Agreed, last week I had to insert a reference into a paper just before publication, and resorting the reference list was horrible. If we can support a Latex-style system using IDs linked to a reference, then this seems best.

Perhaps we could say that citations are stored as a particular HTML element ... and, upon saving the page, we scan for these elements, generate an ordered list of unique reference objects, and replace the "999" in each citation with the correct number.

This seems like a good approach. It also separates the ultimate rendering of references, from the process of adding them to a document.

tompollard commented 4 years ago

Is this all too complicated? Each reference already has an ID associated with it which is what I used to sort them at the end in #1061.

I haven't looked at the PR yet, but the solution proposed here seems relatively straightforward:

If we wanted to rearrange them at the end for some reason why not just do it using those IDs instead of creating our own?

Depending on choice of style, the reference list would be sorted either (1) numerically in the order in which they appear in the main text or (2) alphabetically by first author (more difficult to do if we don't have structured references).

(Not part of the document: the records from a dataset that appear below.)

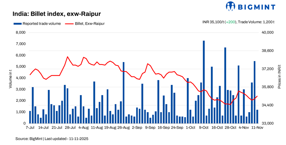 BigMint’s billet index extended its upward trajectory, increasing by INR 200/tonne (t) d-o-d to INR 35,100/t exw-Raipur on 11 November 2025, despite selective trade activity and cautious market participation.
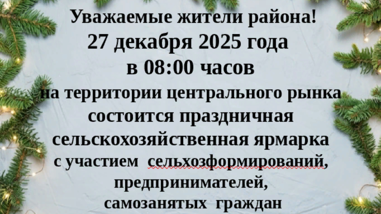 27 декабря 2025 года в 08:00 часов пройдет праздничная сельскохозяйственная ярмарка с участием сельхозформирований, предпринимателей, самозанятых граждан.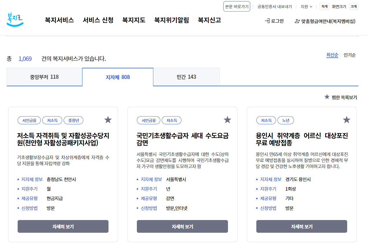 - 온라인 신청: 복지포털 '복지로' 홈페이지나 앱을 통해 집에서도 간편하게 신청이 가능합니다.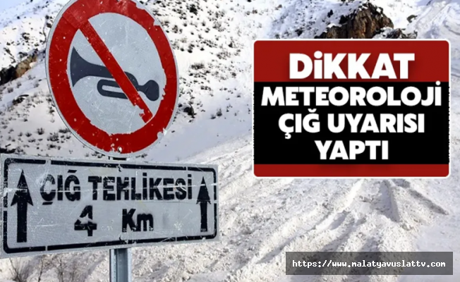 Meteoroloji Genel Müdürlüğü, Elazığ, Malatya, Tunceli ve Bingöl illerinde çığ tehlikesi nedeniyle vatandaşları uyardı. Özellikle yüksek kar örtüsüne sahip eğimli bölgelerde çığ oluşma riski olduğu bildirildi.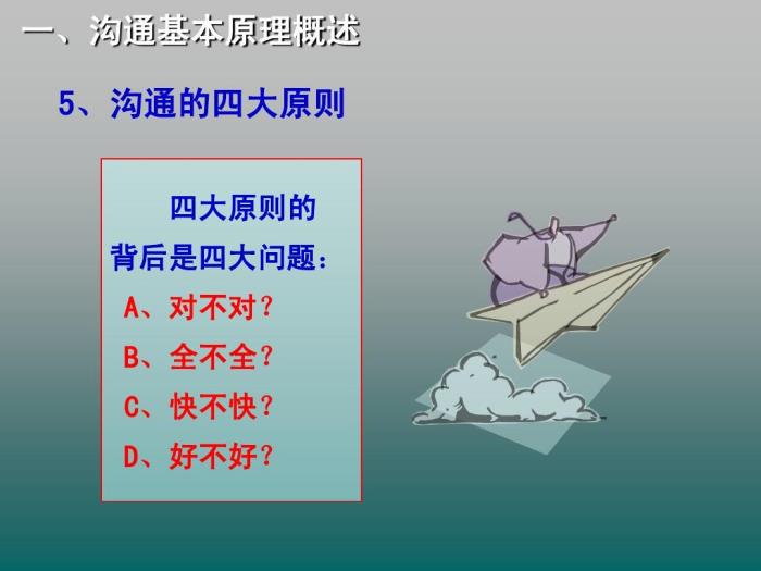 沟通要真诚,尊重适当讲笑活跃谈话气氛讲话又要重点,表达要清晰婉转地表达自己的意见能够敏捷地对别人的言语做出反应等等。这些都是大方向。进一步分解它们,就是能够在实践中运用的“小方法”。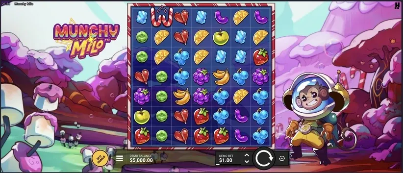 Munchy Milo by Hacksaw Gaming is a 7x7 cluster pays slot built around the Jolt Frame mechanic, a spreading symbol transformer that converts entire rows and columns mid-spin, chains into itself, and stacks multipliers onto Wilds that become sticky during the bonus rounds.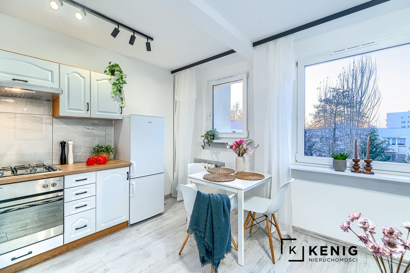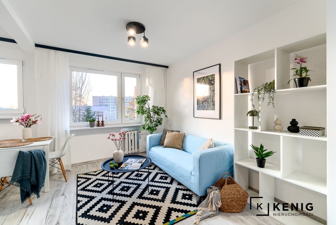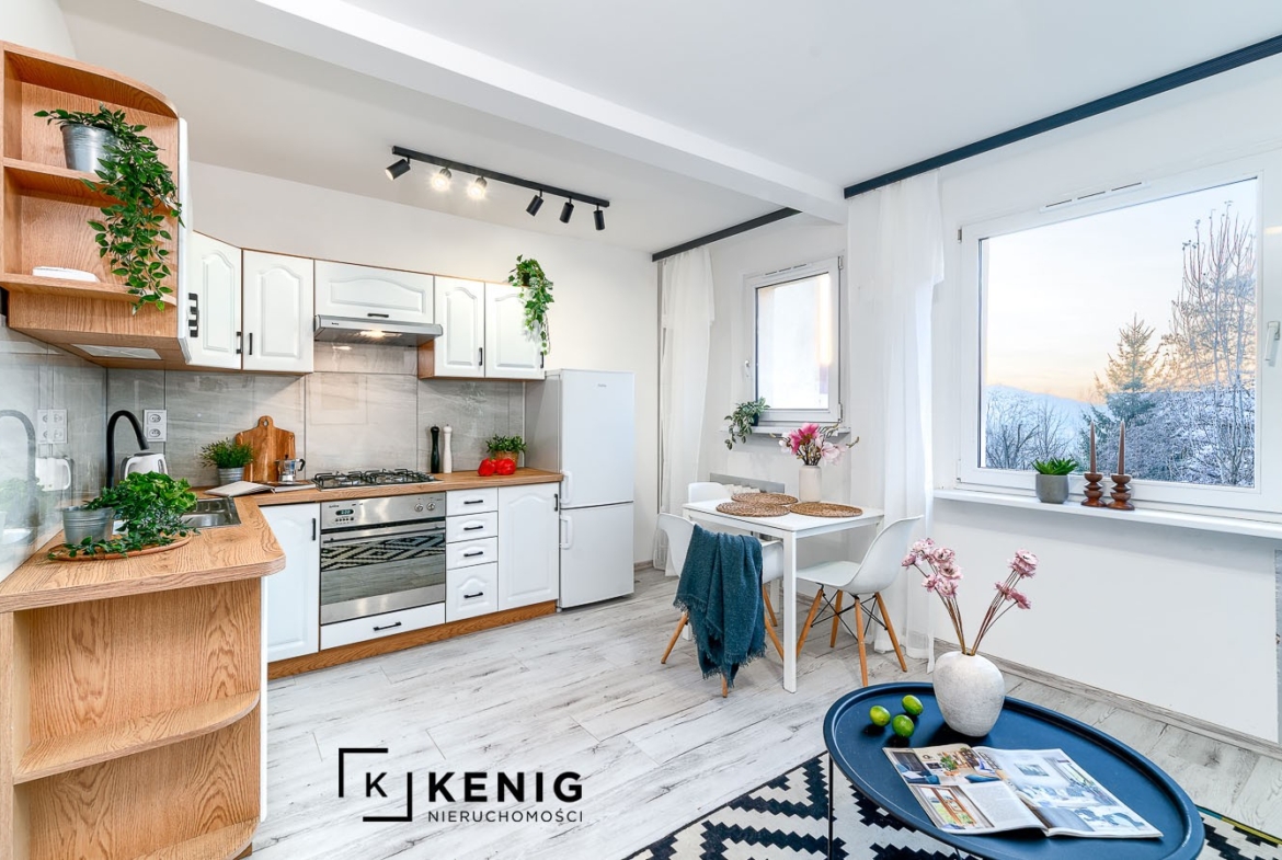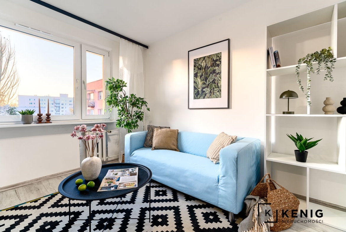 Aranżacja wnętrz: Mieszkanie ma głównie zachodnią ekspozycję – jest doskonale doświetlone w godzinach popołudniowych. Za oknami mnóstwo zieleni i otwarta przestrzeń pomiędzy budynkami, która daje sporo oddechu, a w oddali zarys pasm górskich.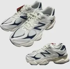 メッシュアッパーとラバーソールを備えたホワイトのスニーカー。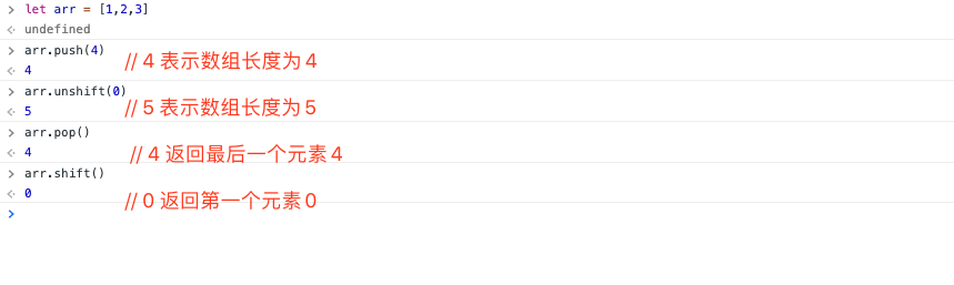 console.log(arr.unshift(0)) // 5 表示数组长度为5
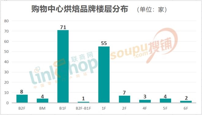 統(tǒng)計結(jié)果顯示,烘焙品牌普遍偏愛低樓層,155家門店中71家選址負(fù)一樓,占比49%;一樓次于負(fù)一樓,有55家門店,占比35%;剩下的樓層里負(fù)二樓、二樓的開店數(shù)也相較多些,其他樓層比較平均。值得一提的是,在本次統(tǒng)計中的23家購物中心里,沒有一家烘焙品牌在三樓開店,這或許與商場的樓層業(yè)態(tài)規(guī)劃有關(guān)。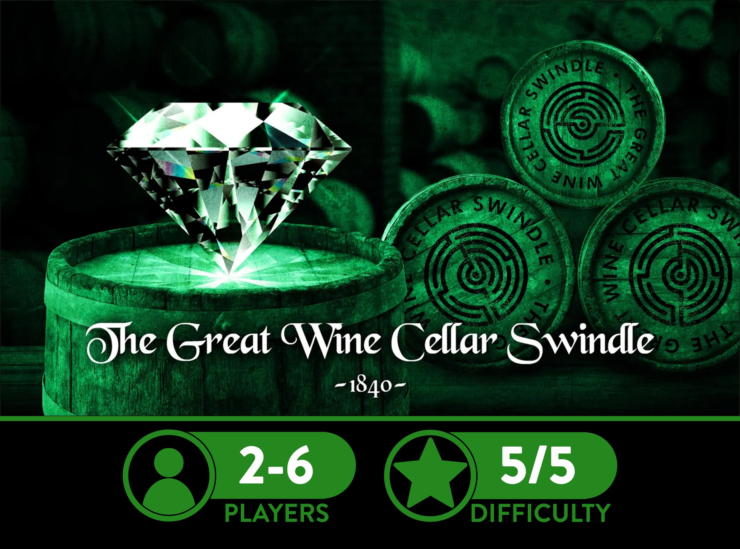 You have spiked his drink with a sedative, which knocks him out cold for 60 minutes! Enter the Wine Cellar, crack the puzzles to gain access to and steal the treasures before he wakes!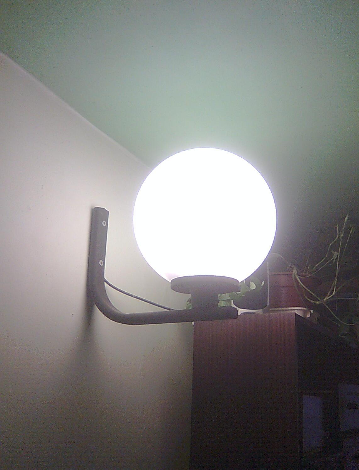 Já sem si dal domu MH 70W pouliční lampu, která má kryt kulového tvaru r=50cm (matný a z plexiskla) a pěkně se mi tu i hodí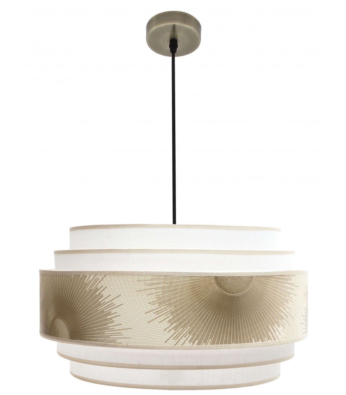 LAMPARA DE TECHO 50 Ø X 110 SOLEO 3 METAL ORO TEXTIL BLANCO Y ORO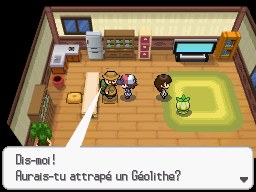 Un Montagnard dans la maison à l'ouest de la Route 7, souhaite obtenir un Géolithe en vous échangeant son Emolga.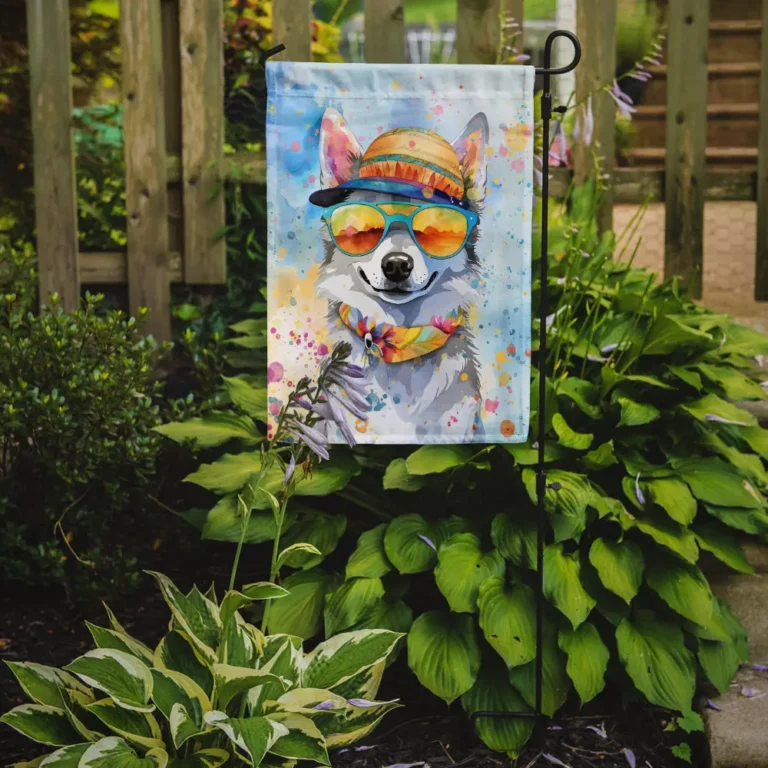 Alaskan Klee Kai Hippie Dawg Garden Flag – Weatherproof, Double-Sided Decorative Outdoor Flag
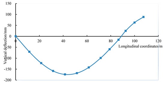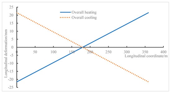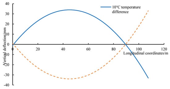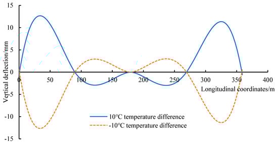 Taking an overall temperature rise of 10 °C and an overall temperature drop of −10 °C, the longitudinal deformation of the structure under the overall temperature difference is shown in Figure 17. The fixed support is located at 0 m, and the structural deflection remains virtually unchanged under the overall temperature difference.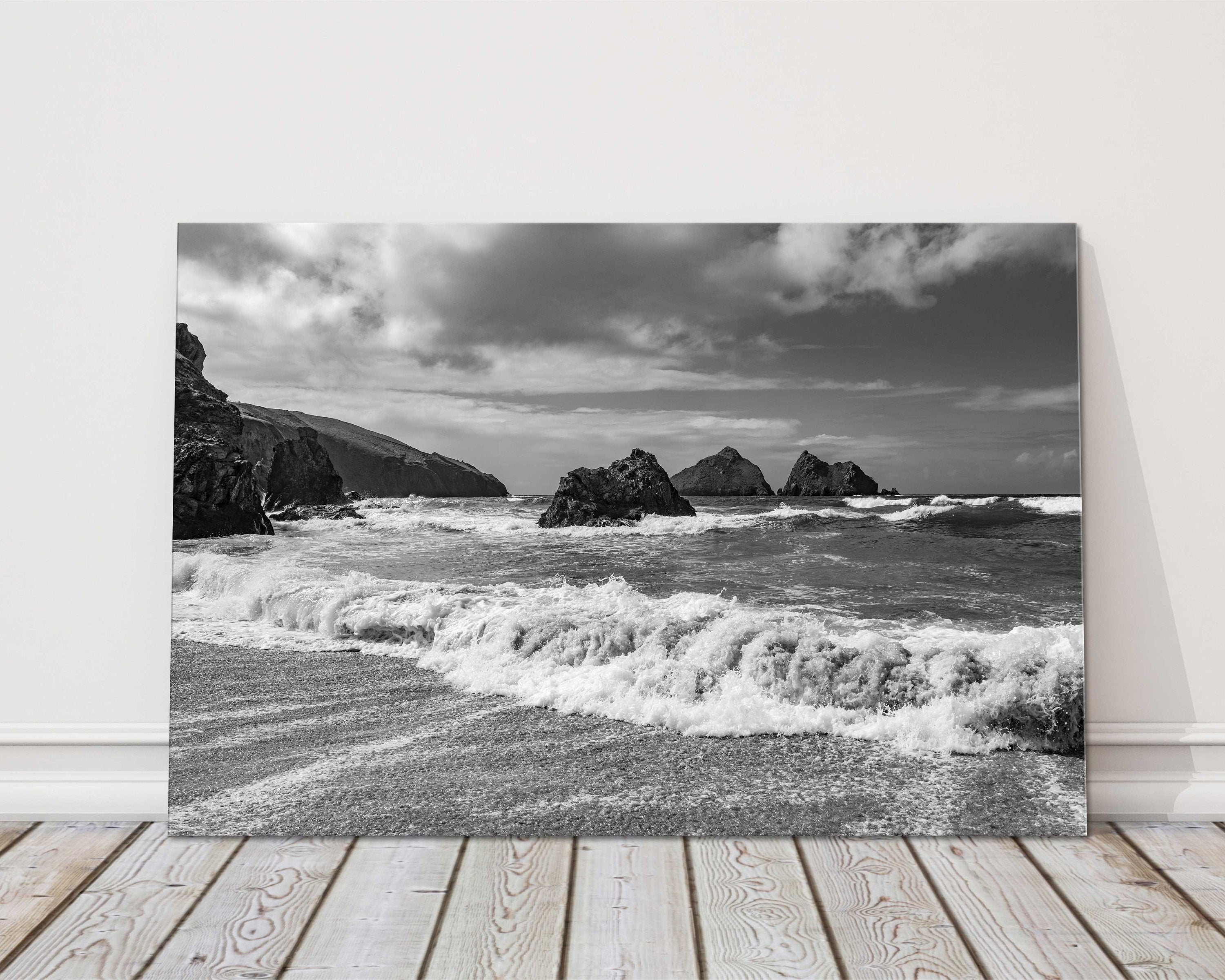 Holywell Bay, Cornwall. Black and white Canvas picture print. Iconic Gul rock pictured from the beach as the waves roll in. Available to order in a choice of sizes.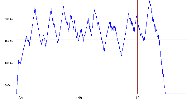 First record 12h45m00s Takeoff,Finish: Dvur Kralove Start: KOCBERE Landing: Turnpoint 1/4: RYCHNOV N.K. Turnpoint 2/4: Jicin Turnpoint 3/4: Velke Porici Turnpoint 4/4: Dvur Kralove Last record 15h10m53s trace Color: trace Width: Layers from www.openaip.net Airports/Airspaces |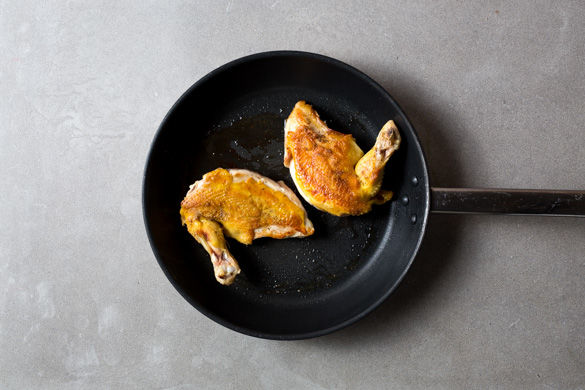 Das Hähnchen mit Salz und Pfeffer würzen und in einer großen Pfanne in 1-2EL Olivenöl ca. 2-3Min. von jeder Seite auf mittlerer Hitze anbraten.

Anyway, it should be by the order of appearance (according to Vancouver style) and if the submitting author doesn't do that we should fix it in the copyedit.

Why leave manually fixing the order references to a copyedit stage? With a clear system, we can ask authors to do the work (e.g. "Please cite the references inline using the IDs").

bemoody commented 4 years ago

Is this all too complicated?

Oh, absolutely! :P

Each reference already has an ID associated with it which is what I used to sort them at the end in #1061.

They have a primary key, and yes, those are currently integers and assigned in monotonic order, but it's not a great idea to rely on that.

Moreover, it needs to be possible to put the references into the desired order (whatever the "desired order" is), and deleting references & re-creating them is not a good way to have to go about that.

This ID is generated by the order that the author submits these references in their content submission form. If we wanted to rearrange them at the end for some reason why not just do it using those IDs instead of creating our own?

Changing primary keys is not a good idea even if the DB permits it, which I don't know if it does. You could say that we'll keep the primary keys as-is and move all of the other fields from one object to another, but that's fraught with problems for other reasons.

Anyway, it should be by the order or appearance and if the submitting author doesn't do that we should fix it in the copyedit.

If the submitting author accidentally swaps [2] and [3], would you even notice? And how could it be less than a nightmare to try to fix it? This is a mechanical task, not one that should be done by a human.

bemoody commented 4 years ago

I haven't looked at the PR yet, but the solution proposed here seems relatively straightforward

I wouldn't go that far :) but I don't think it should be too hard to implement.